### THE PROBLEM
Write out the entries below exactly, but only from the line containing "Verkleed T-shirt voor" through the line containing "Staedtler textsurfer classic", and without the pictures.

### ENTRIES SHOWN
--- START ---

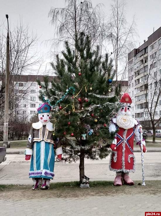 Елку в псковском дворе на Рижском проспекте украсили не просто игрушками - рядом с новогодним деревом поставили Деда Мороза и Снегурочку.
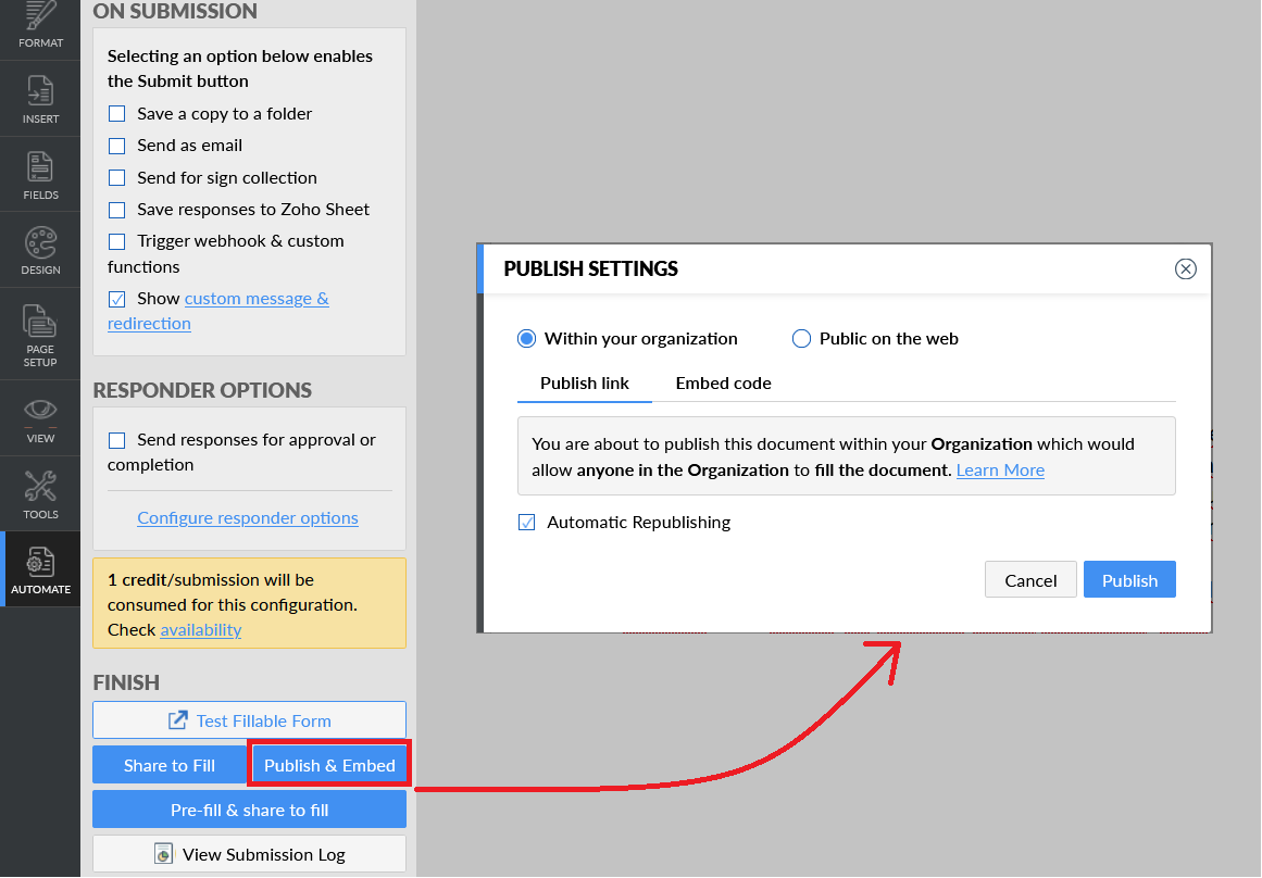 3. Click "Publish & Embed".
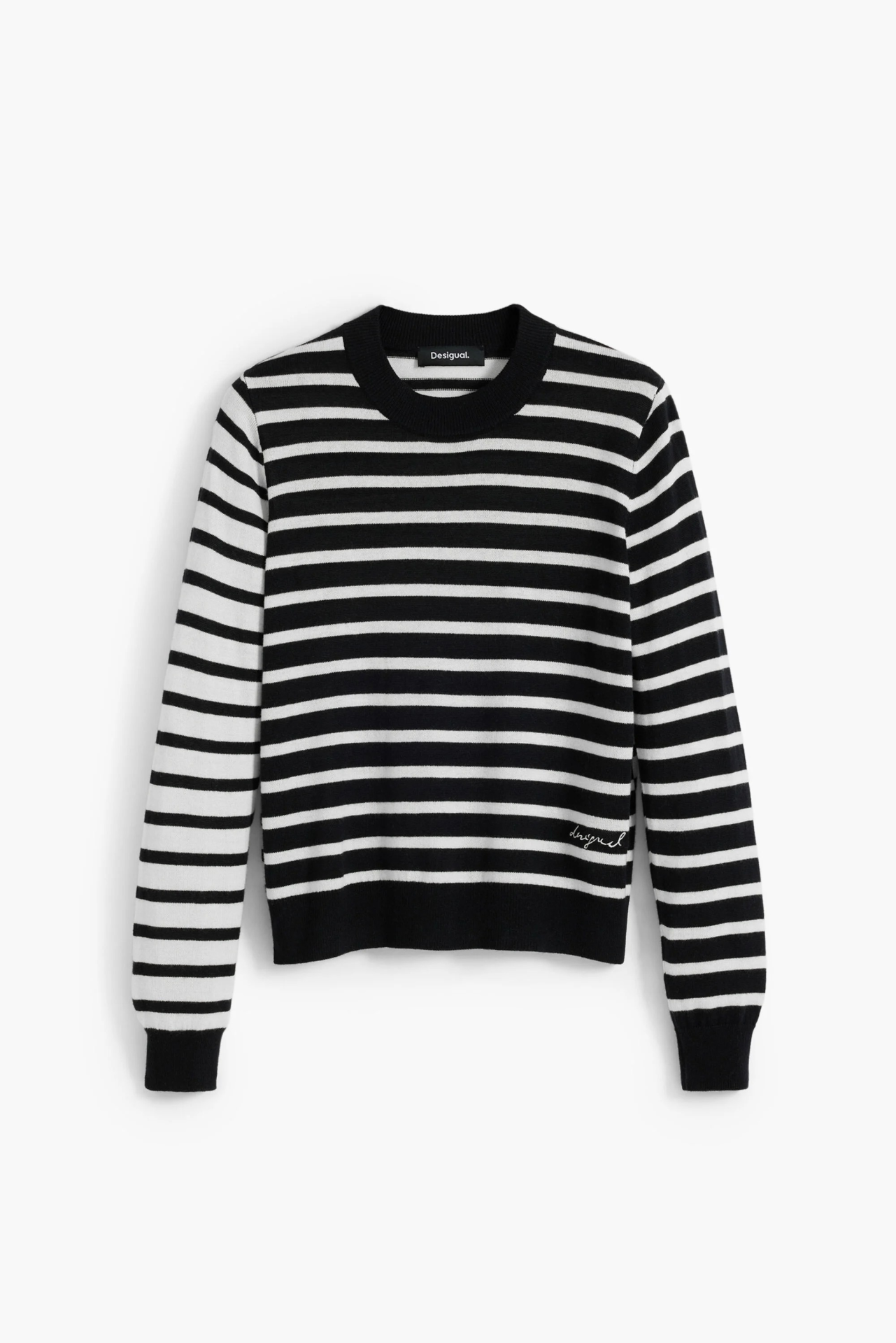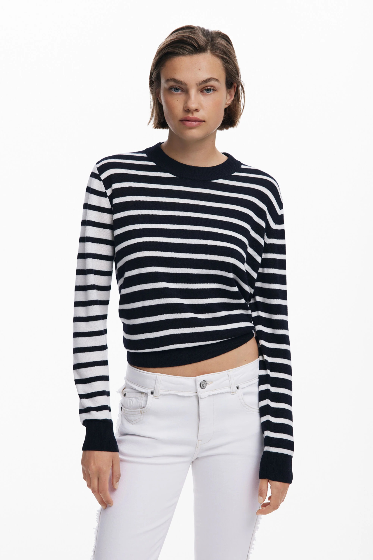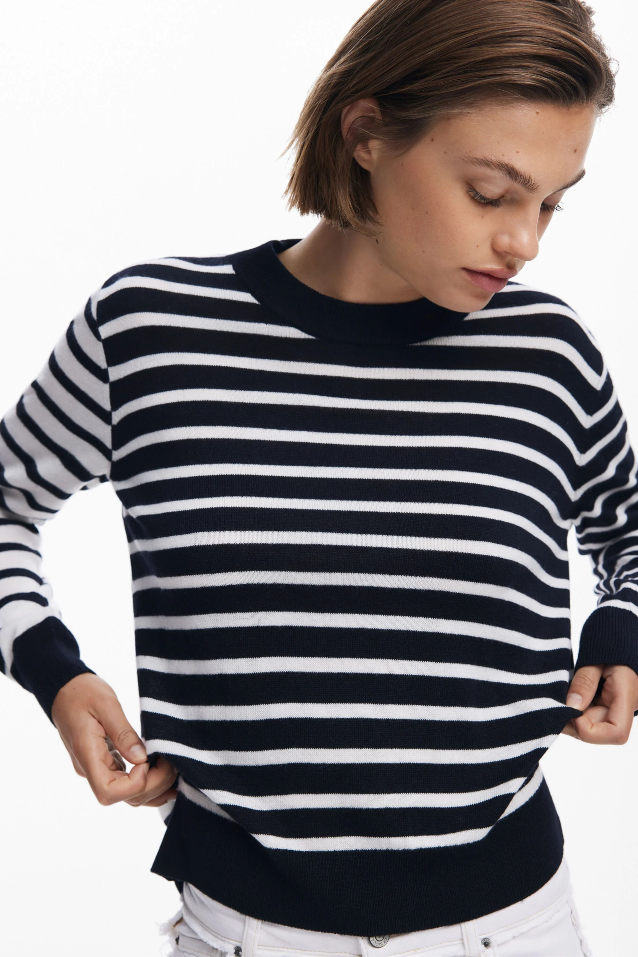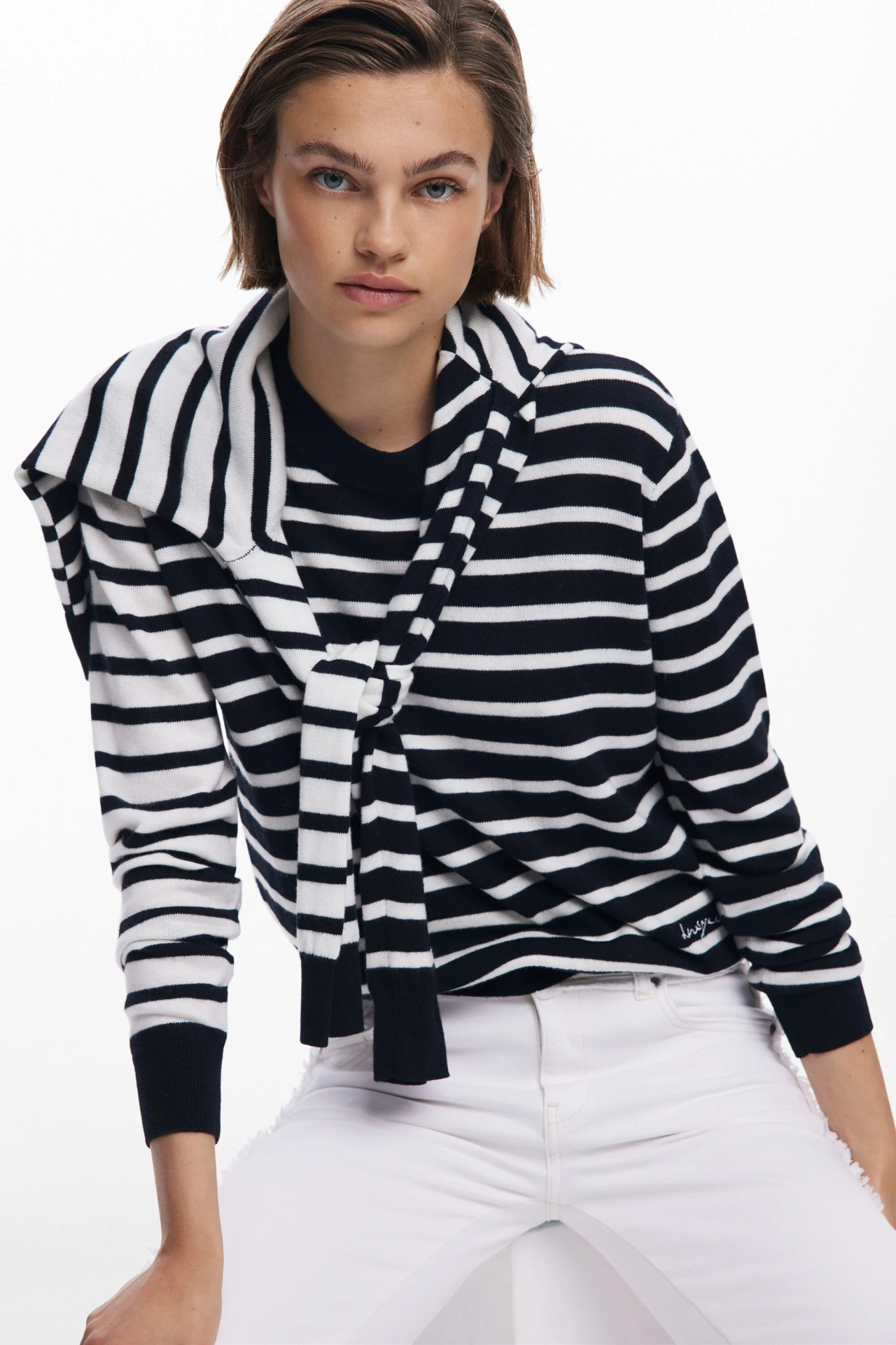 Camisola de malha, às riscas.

--- END ---
--- START ---

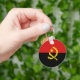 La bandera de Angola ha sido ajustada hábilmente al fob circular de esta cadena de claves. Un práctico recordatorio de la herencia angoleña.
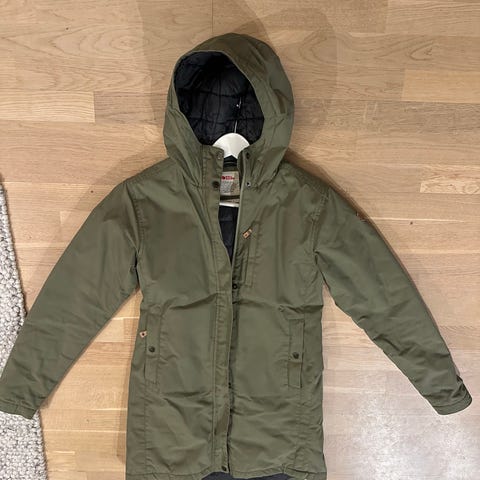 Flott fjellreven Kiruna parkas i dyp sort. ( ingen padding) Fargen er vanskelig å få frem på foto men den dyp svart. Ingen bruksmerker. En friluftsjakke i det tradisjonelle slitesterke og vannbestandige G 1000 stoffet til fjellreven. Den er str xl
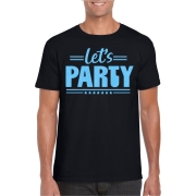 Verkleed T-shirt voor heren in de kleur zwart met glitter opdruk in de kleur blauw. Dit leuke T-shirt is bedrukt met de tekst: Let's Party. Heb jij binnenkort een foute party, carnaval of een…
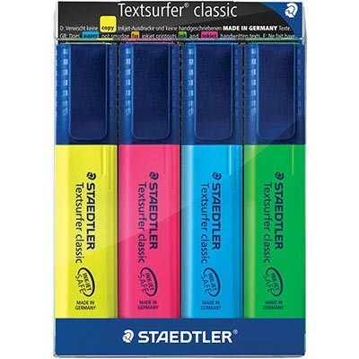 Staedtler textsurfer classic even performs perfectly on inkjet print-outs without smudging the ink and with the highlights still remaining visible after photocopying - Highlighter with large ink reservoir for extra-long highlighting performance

--- END ---
--- START ---

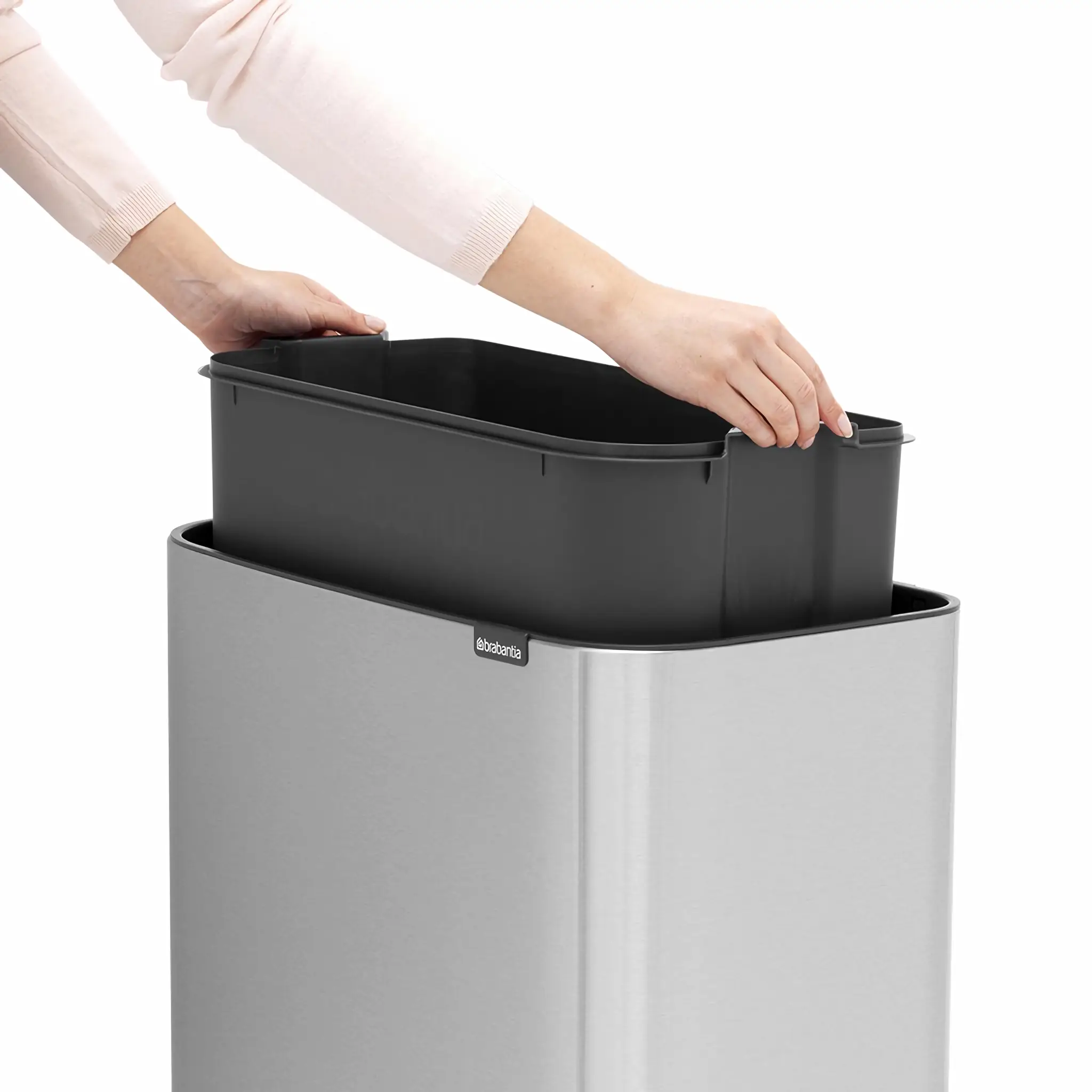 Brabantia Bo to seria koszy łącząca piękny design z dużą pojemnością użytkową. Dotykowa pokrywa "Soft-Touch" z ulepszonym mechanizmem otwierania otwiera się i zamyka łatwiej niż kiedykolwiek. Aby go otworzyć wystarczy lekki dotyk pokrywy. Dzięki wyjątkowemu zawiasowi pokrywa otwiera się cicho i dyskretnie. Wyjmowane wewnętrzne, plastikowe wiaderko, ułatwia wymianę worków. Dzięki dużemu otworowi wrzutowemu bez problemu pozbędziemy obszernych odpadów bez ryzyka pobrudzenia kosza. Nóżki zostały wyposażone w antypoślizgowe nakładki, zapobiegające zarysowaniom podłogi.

--- END ---

### REPLY TO THE EXERCISE
 Verkleed T-shirt voor heren in de kleur zwart met glitter opdruk in de kleur blauw. Dit leuke T-shirt is bedrukt met de tekst: Let's Party. Heb jij binnenkort een foute party, carnaval of een…
 Staedtler textsurfer classic even performs perfectly on inkjet print-outs without smudging the ink and with the highlights still remaining visible after photocopying - Highlighter with large ink reservoir for extra-long highlighting performance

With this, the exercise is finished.